What Is a Coregasm? How It Happens and Who Gets One

A coregasm is an orgasm triggered by physical exercise, most often movements that heavily engage the abdominal muscles. It happens without sexual stimulation, without a partner, and usually without any sexual thoughts at all. In a nationally representative U.S. survey, about 10% of women and 8% of men reported experiencing one at some point in their lives.

How a Coregasm Differs From a Sexual Orgasm

The physical mechanics overlap more than you might expect. During both exercise and sex, your heart rate climbs, breathing quickens, and blood flow increases throughout the body, including to the pelvic region. The core muscles, pelvic floor, and hip flexors are all active in both scenarios. What makes a coregasm distinct is the context: it arises from physical exertion alone, with no erotic trigger involved.

Researchers at Indiana University’s Kinsey Institute have described exercise-induced orgasm as a “stripped down version of orgasm, without sex or a partner.” The sensation varies from person to person. Some people experience a full orgasm identical in intensity to one during sex, while others describe something closer to a wave of pleasurable tension and release centered in the lower abdomen and pelvis. Many report that the buildup feels different too, more like a physical pressure that crosses a threshold than a gradually increasing arousal.

Which Exercises Trigger It

Core-intensive movements are the most common triggers, but the list is broader than just crunches. Exercises frequently associated with coregasms include:

  • Hanging leg raises and knee raises
  • Crunches and side crunches
  • Planks and plank variations
  • Pullups and chinups
  • Rope or pole climbing
  • Squats and hip thrusts
  • Hamstring curls

Biking, spinning, running, and swimming have also been linked to exercise-induced orgasms. Certain yoga poses that demand sustained core engagement, like Boat Pose, Eagle Pose, and Bridge Pose, can produce the same effect. The common thread is repetitive, vigorous movement that places significant demand on the deep abdominal and pelvic floor muscles, especially when continued to the point of muscular fatigue.

Why It Happens

The exact mechanism isn’t fully understood, but the leading explanation centers on the pelvic floor. Your deep core muscles and pelvic floor muscles work together during intense abdominal exercises. When the pelvic floor contracts repeatedly under heavy load, it can stimulate the same nerve pathways involved in sexual arousal and orgasm, all without any direct genital contact.

Fatigue appears to play a role. Many people report that coregasms happen toward the end of a difficult set or after they’ve already done significant core work. The theory is that as the primary abdominal muscles tire, your body recruits deeper stabilizing muscles, including those in the pelvic floor, more aggressively. That increased recruitment may be what pushes the sensation from mild tingling into orgasm territory.

When People First Experience It

Qualitative interviews with women ages 19 to 68, published in the Archives of Sexual Behavior, found that many participants first experienced exercise-induced arousal or orgasm during childhood or adolescence, often during gym class or while climbing. For most, it was confusing. They had no framework for understanding a sexual sensation in a completely nonsexual setting, and many didn’t talk about it for years.

The emotional response varies widely. Some people feel embarrassed or ashamed, particularly when it happens in a public gym. Others view it positively and even learn to incorporate the sensation into their sexual lives. A smaller number find it genuinely distressing, especially if it happens unpredictably during group fitness classes or competitive sports.

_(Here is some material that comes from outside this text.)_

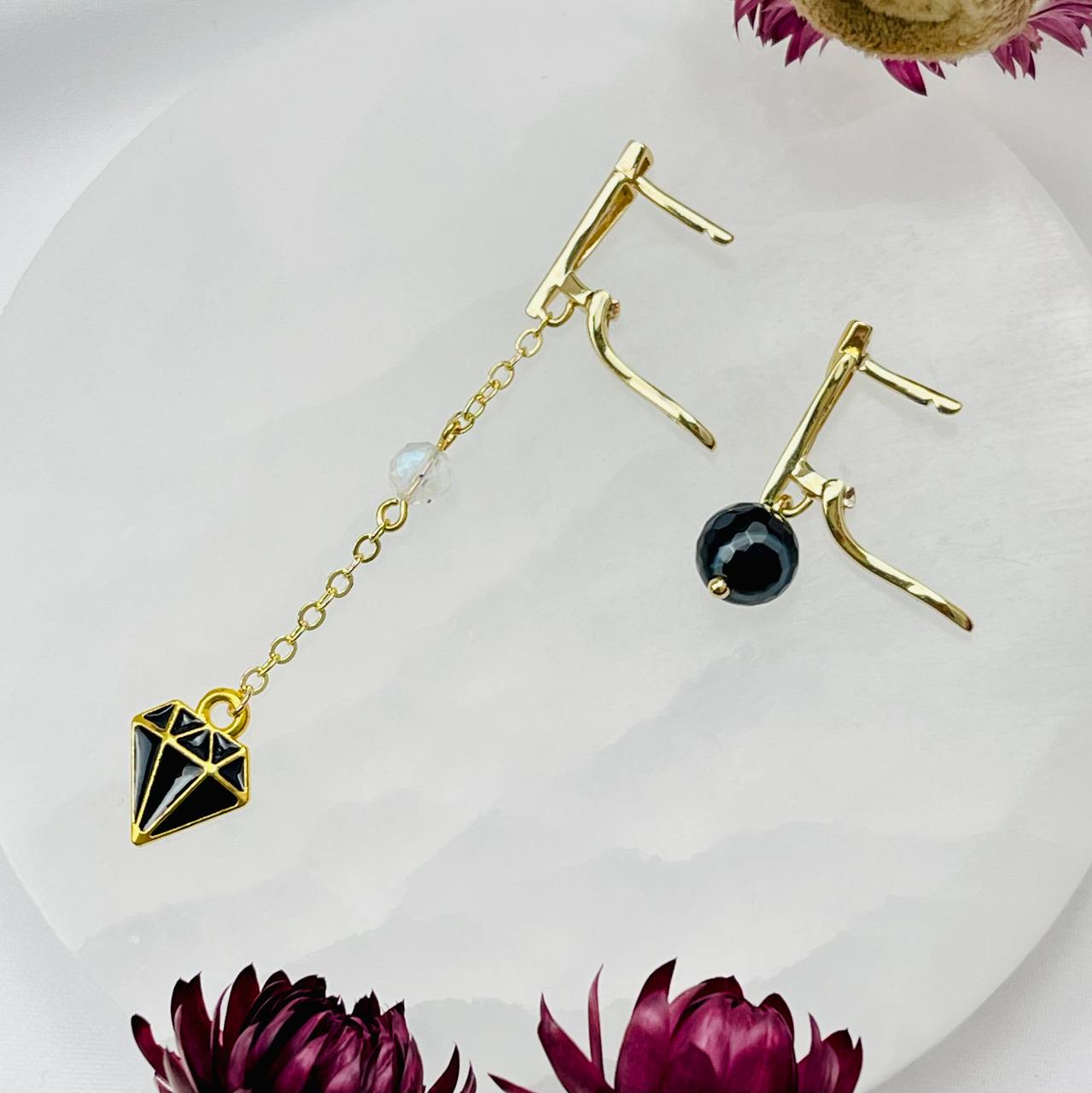 Радуга Самоцветов Серьги из полосатоо Агата и Лунного камня

Men Experience Coregasms Too

Though much of the research has focused on women, the national survey data shows men are nearly as likely to report exercise-induced orgasms. The triggers are similar: heavy core work, climbing, and high-intensity resistance training. Less is known about the precise mechanism in men. Some researchers have speculated that pelvic floor engagement during core exercises could stimulate the prostate indirectly, but the medical literature hasn’t confirmed this pathway. What’s clear is that it’s not exclusive to one sex or one body type.

Managing or Encouraging Coregasms

If you find coregasms uncomfortable or embarrassing, you have a few practical options. The simplest is identifying which specific exercises trigger it and swapping them for alternatives that work the same muscle groups. If hanging leg raises are the problem, switching to a different core exercise may eliminate it entirely. You can also try ending your sets before reaching full muscular fatigue, since fatigue seems to be a key factor in pushing arousal past the tipping point. Shortening your sets by a few reps or adding more rest between sets can help.

If you’re curious about experiencing one, the approach is essentially the reverse. Focus on the exercises most commonly associated with coregasms, particularly hanging leg raises, rope climbing, and pullups. Work to muscular fatigue. Stack multiple core exercises back to back without long breaks. There’s no guarantee it will happen, and many people never experience one regardless of how they train, but sustained core fatigue during these movements gives you the best odds.

Either way, coregasms are a normal physiological response. They don’t indicate a medical problem, they aren’t a sign of dysfunction, and they don’t require treatment. They’re simply what happens when intense physical exertion activates nerve pathways that overlap with sexual response.